══ Data for the task

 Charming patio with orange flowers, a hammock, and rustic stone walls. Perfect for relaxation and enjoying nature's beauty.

════
══ Data for the task

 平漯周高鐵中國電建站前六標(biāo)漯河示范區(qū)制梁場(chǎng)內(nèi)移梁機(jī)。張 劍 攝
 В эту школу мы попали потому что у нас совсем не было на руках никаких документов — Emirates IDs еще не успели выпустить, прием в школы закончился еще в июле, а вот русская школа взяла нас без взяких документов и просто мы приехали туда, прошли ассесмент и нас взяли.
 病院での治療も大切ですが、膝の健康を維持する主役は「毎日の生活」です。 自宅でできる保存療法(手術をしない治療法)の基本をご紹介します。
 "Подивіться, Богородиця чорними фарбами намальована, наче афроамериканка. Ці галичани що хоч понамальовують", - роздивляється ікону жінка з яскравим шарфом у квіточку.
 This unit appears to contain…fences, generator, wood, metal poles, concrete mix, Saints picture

════

Task item =>
Take the records above and return, word for word, only the lines that fall from the line with "病院での治療も大切ですが、膝" to the line with "This unit appears", both of them included.

Answer space =>
 病院での治療も大切ですが、膝の健康を維持する主役は「毎日の生活」です。 自宅でできる保存療法(手術をしない治療法)の基本をご紹介します。
 "Подивіться, Богородиця чорними фарбами намальована, наче афроамериканка. Ці галичани що хоч понамальовують", - роздивляється ікону жінка з яскравим шарфом у квіточку.
 This unit appears to contain…fences, generator, wood, metal poles, concrete mix, Saints picture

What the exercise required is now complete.